1. Consume a variety of whole grains and cereals: Whole grains and cereals are sources of carbohydrates, B- Vitamins, and Iron. They are also a good source of fiber. Read the labels to check out for ingredients that contain 100% whole grains. Examples of whole grains are oats, bajra, rye, jowar, whole wheat flour, and many more.The standard serving size of bread, cereals, and other grain products is
- Bread – 1 slice
- Muffin/ biscuit/ bun/tortilla – 1 medium piece
- Cooked cereal – ½ c
- Boiled rice/ Boiled Pasta/ Boiled noodles – ½ c
2. Include multi-colored vegetables: Vegetables are rich sources of minerals and vitamins like potassium, iron, Vitamin -A, and Vitamin – C. All vegetables that you are going to consume must be fresh because they provide your body with most of the nutrients.
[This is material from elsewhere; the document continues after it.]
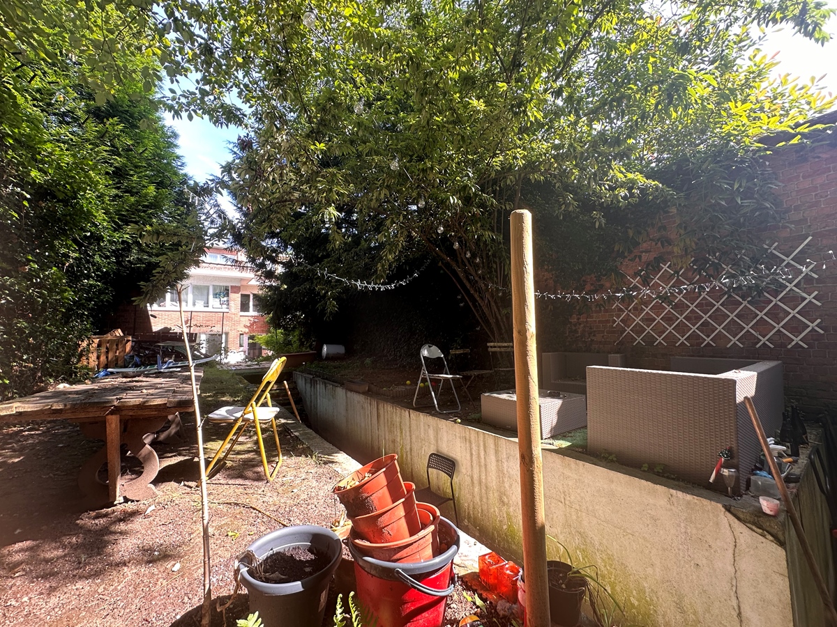 There is a large living room with separate TV room, separate kitchen, 2 bathrooms, 3 toilets and a unique garden. We also have a shy cat walking around.

A few examples are cruciferous vegetables, all roots, and tubers, all dark-colored vegetables. Cook these vegetables for the last time and use minimum water.
The standard serving size of these vegetables is
- Cooked vegetables – ¾ c
- Raw vegetables – 1 c
- Vegetable Juice – 150 ml
3. Choose Fruits Directly From The Farm To Plate: Choose fruits wisely and seasonal ones. Try to have them whole and avoid juicing them. Fruits are also rich sources of vitamins and minerals. They are a great source of energy. Make sure that you don’t eat fruit that has been cut for a very long time. Avoid market-bought packaged juices.
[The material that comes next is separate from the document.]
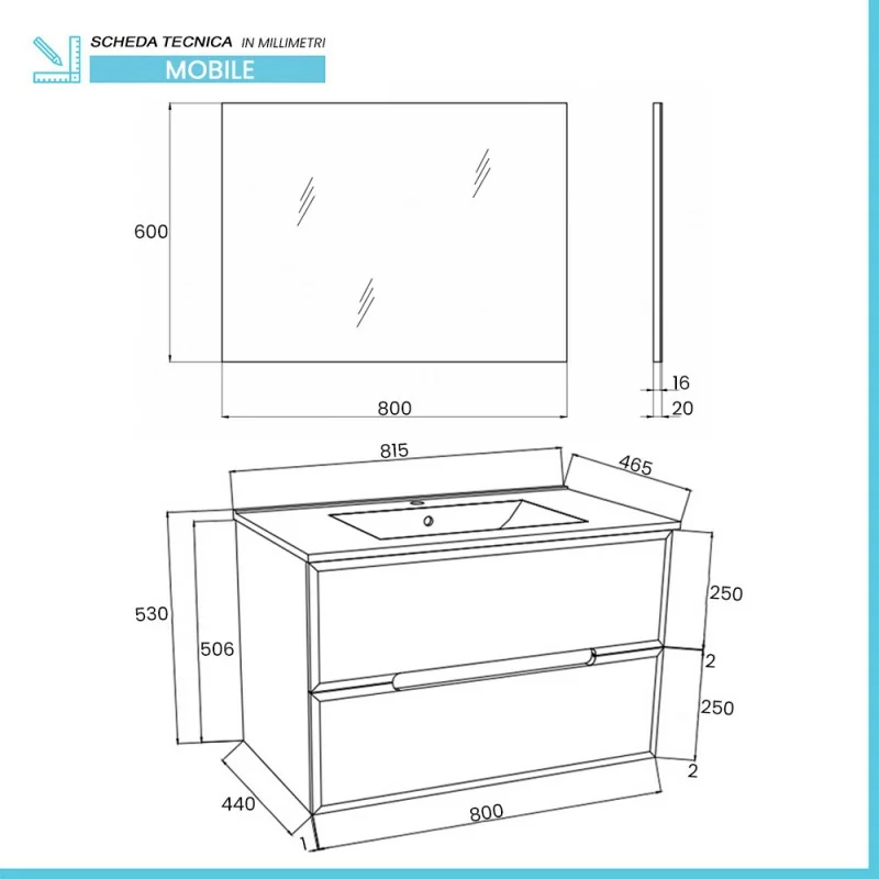 • Dimensioni specchio:L 80 x p 2 x H 60 cm;

- Fruits rich in Vitamin – A are apricots, plums, mango, tomato
- Fruits rich in Vitamin – C are Guava, lemon, litchi, amla, orange, papaya, strawberry, cashew fruit, cape gooseberry
- The standard serving size for fruits
- Fresh Fruit – 1 Average size piece
- Canned Fruit – ½ c
4. Essential Protein: Various sources of protein like meat, poultry, fish, eggs, pulses, peanut butter, and soya should be a part of your regular eating plan. These provide us with iron, zinc, magnesium, selenium, etc that aids in the healthy growth of your baby. Proteins are also called building blocks of your body because they help in the formation of new tissue in you and your unborn.
Standard Serving size of Protein
- All cooked meat, chicken, and fish – 100g
- Eggs – 2 wholes
- Peanut butter – 1 tbsp
- Nuts or seeds – ½ c
- Raw peas or beans – 1 c
5. Dairy Products: Milk and Dairy products are considered a wholesome diet in themselves as these are rich sources of calcium, vitamin D, all B vitamins, Vitamin A, and protein. During pregnancy, if you cannot digest milk, you can substitute it with other products like broccoli, sesame seeds, cheese, cottage cheese, and Greek yogurt which are rich sources of vitamin C.
Standard Serving size for dairy products
- Milk and yogurt – 1 c
- Cheese – 50g
- Cottage cheese – ½ c
6. Healthy Fats: Homemade butter, ghee, extra virgin olive oil, groundnut oil, mustard oil, sunflower oil, etc are good sources of energy and essential fatty acids but are deficient in other nutrients.
7. Vitamins and Minerals: Timely have your vitamin supplements as suggested by the gynecologist. Recommended Daily Intake (RDI) of folic acid for pregnant women is 600 micrograms. The foods that are rich in folic acid are green beans, liver, tomato, whole grains, cereals, pulses, spinach, curry leaves, mint leaves, lady finger, and groundnut.
Nutritional Requirement of A Pregnant Lady Through All 3 Trimesters
Download All in One Pregnancy and Child Nutritions Plan Guide
First Trimester (0-12 weeks)
- Nutrition for the baby is of utmost importance in the first trimester because it’s the stage of implantation and organ development. The lady undergoes several discomforts during this trimester because of nausea, vomiting, and morning sickness so it’s important to assure adequate nutrient intake. The important goal of the future mother is not to forget her prenatal vitamins which include folic acid and protects the unborn from neural tube defects.
- An iron supplement is another important supplement. The Centre for disease control and Management recommends 27 mg per day for pregnant ladies.
- Calcium intake is important throughout pregnancy. Recommended is 1000-1200 mg per day which is equivalent to 3 glasses of milk per day and vitamin D for calcium absorption.
Second Trimester (13-26 weeks)
- The first trimester symptoms of nausea and morning sickness usually disappear as a lady enters week 13th of her pregnancy. Here the calorie requirement increases by 300 per day.
- Protein is important for the growth of fetal organs. The protein requirement increases from 46 g to 70 g in this trimester.
- Women need to increase their omega-3 fatty acids intake either by choosing foods rich in omega – 3 like salmon etc or mostly they are given DHA supplements by their gynecologist.
- There should be a variety in your food and choose nutrient-dense foods like fruits and vegetables, whole grains, and lean protein.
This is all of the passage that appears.